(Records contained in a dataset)

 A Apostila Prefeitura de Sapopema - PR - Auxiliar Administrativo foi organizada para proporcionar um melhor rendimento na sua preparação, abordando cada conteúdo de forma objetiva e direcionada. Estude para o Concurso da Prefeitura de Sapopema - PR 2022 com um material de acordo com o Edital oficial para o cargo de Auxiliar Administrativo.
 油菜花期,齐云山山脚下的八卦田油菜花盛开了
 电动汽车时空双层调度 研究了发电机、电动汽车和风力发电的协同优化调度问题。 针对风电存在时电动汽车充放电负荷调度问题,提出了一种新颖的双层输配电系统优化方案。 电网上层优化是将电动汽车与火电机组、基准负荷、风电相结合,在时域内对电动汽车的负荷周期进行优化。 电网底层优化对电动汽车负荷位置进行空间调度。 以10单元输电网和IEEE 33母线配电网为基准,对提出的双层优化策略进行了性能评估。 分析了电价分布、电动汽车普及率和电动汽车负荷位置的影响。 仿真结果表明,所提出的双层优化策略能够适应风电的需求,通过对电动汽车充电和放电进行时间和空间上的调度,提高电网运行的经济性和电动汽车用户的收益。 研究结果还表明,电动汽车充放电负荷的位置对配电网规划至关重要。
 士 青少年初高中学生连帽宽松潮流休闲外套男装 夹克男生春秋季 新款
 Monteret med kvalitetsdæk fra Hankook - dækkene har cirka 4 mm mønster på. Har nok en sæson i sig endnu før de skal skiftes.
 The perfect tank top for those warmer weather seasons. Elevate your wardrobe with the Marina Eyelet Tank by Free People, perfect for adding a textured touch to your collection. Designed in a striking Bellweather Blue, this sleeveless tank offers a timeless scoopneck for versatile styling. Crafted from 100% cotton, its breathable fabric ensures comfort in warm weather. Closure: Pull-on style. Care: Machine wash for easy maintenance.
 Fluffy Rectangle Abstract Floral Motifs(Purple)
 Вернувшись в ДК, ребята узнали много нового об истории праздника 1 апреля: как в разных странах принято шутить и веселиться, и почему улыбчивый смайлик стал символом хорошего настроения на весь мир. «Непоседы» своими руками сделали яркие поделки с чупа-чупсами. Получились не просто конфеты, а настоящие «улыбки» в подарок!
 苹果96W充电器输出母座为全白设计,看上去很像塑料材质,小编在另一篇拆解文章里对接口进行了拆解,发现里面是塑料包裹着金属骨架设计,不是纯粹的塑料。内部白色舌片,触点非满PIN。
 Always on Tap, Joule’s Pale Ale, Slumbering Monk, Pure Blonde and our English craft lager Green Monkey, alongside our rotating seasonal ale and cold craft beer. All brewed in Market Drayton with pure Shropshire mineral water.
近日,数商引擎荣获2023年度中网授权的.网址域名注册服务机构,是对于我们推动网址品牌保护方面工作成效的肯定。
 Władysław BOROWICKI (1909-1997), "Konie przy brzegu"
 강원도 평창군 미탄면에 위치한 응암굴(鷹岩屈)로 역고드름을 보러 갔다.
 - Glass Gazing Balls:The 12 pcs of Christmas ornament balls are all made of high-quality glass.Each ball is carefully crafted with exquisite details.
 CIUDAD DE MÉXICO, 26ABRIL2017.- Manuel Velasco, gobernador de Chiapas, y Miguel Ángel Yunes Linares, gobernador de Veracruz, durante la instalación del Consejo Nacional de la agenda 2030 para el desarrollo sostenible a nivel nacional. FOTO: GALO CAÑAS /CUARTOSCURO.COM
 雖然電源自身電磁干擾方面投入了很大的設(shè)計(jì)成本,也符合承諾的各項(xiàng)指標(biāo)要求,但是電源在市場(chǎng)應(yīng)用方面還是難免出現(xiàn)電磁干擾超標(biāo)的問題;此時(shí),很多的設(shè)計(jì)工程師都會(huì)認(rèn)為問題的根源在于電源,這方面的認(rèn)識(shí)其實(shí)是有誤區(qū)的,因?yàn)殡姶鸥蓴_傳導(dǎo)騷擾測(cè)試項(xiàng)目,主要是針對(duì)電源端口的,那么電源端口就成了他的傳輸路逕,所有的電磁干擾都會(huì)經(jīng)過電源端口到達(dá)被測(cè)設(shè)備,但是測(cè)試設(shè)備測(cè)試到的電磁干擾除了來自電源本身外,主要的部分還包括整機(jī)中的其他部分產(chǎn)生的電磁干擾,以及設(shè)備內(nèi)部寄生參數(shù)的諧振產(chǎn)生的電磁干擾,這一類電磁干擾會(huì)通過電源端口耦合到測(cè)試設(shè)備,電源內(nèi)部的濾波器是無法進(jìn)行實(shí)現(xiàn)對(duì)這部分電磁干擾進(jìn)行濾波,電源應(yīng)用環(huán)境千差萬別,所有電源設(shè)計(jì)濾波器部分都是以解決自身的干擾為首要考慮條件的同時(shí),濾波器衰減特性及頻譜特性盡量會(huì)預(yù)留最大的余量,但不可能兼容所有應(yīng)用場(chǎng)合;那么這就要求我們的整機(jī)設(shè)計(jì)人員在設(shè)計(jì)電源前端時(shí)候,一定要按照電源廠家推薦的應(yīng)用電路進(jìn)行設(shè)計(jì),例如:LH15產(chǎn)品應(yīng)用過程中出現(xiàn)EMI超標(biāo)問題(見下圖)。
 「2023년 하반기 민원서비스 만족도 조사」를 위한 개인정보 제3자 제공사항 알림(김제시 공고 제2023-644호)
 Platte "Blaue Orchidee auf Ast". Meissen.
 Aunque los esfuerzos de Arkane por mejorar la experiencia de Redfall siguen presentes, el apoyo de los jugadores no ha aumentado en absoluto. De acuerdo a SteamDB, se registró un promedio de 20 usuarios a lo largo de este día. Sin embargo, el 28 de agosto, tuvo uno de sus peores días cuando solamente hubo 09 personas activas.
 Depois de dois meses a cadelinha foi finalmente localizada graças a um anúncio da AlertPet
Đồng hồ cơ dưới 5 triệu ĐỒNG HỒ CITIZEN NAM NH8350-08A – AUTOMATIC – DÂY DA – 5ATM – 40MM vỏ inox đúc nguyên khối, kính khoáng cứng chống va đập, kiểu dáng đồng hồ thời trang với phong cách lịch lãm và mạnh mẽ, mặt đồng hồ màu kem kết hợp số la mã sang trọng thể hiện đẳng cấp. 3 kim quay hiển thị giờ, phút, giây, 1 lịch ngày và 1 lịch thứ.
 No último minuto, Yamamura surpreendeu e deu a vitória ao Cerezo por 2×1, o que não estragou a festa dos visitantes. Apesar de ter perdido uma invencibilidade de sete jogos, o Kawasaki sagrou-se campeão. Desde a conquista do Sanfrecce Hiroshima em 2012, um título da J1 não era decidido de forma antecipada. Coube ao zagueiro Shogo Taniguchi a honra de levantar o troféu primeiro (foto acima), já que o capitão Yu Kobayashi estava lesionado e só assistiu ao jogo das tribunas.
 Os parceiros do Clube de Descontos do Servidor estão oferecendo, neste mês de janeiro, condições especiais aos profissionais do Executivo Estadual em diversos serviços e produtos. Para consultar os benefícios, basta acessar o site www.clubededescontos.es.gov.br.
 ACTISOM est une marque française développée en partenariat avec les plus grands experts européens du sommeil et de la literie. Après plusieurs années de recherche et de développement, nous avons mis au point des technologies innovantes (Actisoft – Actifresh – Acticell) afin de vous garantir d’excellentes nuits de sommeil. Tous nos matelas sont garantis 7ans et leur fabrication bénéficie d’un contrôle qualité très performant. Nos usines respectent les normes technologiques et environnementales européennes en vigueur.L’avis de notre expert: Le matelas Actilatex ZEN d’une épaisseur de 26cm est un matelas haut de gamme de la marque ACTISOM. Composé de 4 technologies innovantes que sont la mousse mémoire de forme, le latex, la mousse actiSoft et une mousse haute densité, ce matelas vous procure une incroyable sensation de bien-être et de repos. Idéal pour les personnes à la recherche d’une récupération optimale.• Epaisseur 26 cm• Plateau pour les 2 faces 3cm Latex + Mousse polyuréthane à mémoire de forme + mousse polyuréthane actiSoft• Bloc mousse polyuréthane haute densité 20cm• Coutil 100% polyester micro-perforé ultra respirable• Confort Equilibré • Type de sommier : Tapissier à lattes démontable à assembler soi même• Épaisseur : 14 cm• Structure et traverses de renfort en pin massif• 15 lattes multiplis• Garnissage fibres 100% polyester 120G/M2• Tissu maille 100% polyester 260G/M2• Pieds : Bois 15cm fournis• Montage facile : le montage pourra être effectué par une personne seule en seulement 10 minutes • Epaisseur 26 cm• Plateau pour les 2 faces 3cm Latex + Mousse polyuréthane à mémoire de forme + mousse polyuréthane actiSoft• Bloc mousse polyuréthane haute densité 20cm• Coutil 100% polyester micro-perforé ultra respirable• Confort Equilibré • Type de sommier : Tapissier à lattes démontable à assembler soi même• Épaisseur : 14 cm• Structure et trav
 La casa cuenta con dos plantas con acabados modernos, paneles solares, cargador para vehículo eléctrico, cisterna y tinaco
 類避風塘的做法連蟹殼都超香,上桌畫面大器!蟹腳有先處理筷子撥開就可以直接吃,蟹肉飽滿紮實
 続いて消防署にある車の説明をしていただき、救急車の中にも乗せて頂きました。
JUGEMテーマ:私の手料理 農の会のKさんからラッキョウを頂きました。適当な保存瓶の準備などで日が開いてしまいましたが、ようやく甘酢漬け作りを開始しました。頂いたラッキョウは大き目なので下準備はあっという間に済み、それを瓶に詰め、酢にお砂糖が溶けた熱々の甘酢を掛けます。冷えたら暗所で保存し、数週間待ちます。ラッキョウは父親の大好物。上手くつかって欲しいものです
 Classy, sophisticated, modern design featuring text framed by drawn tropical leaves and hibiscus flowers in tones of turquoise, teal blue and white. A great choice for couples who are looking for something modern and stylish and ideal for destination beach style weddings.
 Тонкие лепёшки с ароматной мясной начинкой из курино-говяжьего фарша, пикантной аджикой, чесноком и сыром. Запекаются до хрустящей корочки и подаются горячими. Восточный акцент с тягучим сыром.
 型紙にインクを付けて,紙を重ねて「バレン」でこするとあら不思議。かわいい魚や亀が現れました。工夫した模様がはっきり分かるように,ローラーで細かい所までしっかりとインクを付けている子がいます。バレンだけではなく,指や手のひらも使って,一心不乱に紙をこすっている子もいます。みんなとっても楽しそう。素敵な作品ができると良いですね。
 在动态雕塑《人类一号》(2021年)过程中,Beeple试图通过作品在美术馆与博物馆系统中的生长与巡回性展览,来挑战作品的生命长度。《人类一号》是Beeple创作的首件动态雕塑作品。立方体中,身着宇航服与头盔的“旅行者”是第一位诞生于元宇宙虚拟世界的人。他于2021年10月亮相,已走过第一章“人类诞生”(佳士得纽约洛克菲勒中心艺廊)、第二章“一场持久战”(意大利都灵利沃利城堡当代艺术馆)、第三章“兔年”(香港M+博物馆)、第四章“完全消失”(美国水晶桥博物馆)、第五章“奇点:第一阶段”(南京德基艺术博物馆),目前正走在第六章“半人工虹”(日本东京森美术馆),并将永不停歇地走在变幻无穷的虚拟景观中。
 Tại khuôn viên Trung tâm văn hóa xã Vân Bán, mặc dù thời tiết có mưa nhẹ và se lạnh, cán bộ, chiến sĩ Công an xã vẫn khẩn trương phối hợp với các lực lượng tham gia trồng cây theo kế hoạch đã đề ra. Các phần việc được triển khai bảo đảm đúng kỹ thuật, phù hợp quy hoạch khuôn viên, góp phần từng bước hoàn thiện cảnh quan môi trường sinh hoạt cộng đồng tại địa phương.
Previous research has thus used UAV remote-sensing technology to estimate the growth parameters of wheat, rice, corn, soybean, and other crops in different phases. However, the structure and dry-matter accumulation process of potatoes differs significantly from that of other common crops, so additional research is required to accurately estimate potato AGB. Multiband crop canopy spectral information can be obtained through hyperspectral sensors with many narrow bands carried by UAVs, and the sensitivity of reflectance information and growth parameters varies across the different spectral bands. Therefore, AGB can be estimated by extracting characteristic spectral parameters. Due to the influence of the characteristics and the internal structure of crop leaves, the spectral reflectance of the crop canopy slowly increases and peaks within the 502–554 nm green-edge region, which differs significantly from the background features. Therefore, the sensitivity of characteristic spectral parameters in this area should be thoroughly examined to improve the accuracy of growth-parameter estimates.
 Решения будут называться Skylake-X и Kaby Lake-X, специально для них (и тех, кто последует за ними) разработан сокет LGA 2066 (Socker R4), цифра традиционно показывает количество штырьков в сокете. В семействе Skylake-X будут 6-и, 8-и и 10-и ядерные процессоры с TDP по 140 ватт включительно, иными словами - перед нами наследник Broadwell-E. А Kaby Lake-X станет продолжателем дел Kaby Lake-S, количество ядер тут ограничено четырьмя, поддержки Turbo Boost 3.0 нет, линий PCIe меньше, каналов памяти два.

EXERCISE:
Repeat the entries above exactly, from the first line through the line containing "Monteret med kvalitetsdæk".

RESULT OF THIS EXERCISE:
 A Apostila Prefeitura de Sapopema - PR - Auxiliar Administrativo foi organizada para proporcionar um melhor rendimento na sua preparação, abordando cada conteúdo de forma objetiva e direcionada. Estude para o Concurso da Prefeitura de Sapopema - PR 2022 com um material de acordo com o Edital oficial para o cargo de Auxiliar Administrativo.
 油菜花期,齐云山山脚下的八卦田油菜花盛开了
 电动汽车时空双层调度 研究了发电机、电动汽车和风力发电的协同优化调度问题。 针对风电存在时电动汽车充放电负荷调度问题,提出了一种新颖的双层输配电系统优化方案。 电网上层优化是将电动汽车与火电机组、基准负荷、风电相结合,在时域内对电动汽车的负荷周期进行优化。 电网底层优化对电动汽车负荷位置进行空间调度。 以10单元输电网和IEEE 33母线配电网为基准,对提出的双层优化策略进行了性能评估。 分析了电价分布、电动汽车普及率和电动汽车负荷位置的影响。 仿真结果表明,所提出的双层优化策略能够适应风电的需求,通过对电动汽车充电和放电进行时间和空间上的调度,提高电网运行的经济性和电动汽车用户的收益。 研究结果还表明,电动汽车充放电负荷的位置对配电网规划至关重要。
 士 青少年初高中学生连帽宽松潮流休闲外套男装 夹克男生春秋季 新款
 Monteret med kvalitetsdæk fra Hankook - dækkene har cirka 4 mm mønster på. Har nok en sæson i sig endnu før de skal skiftes.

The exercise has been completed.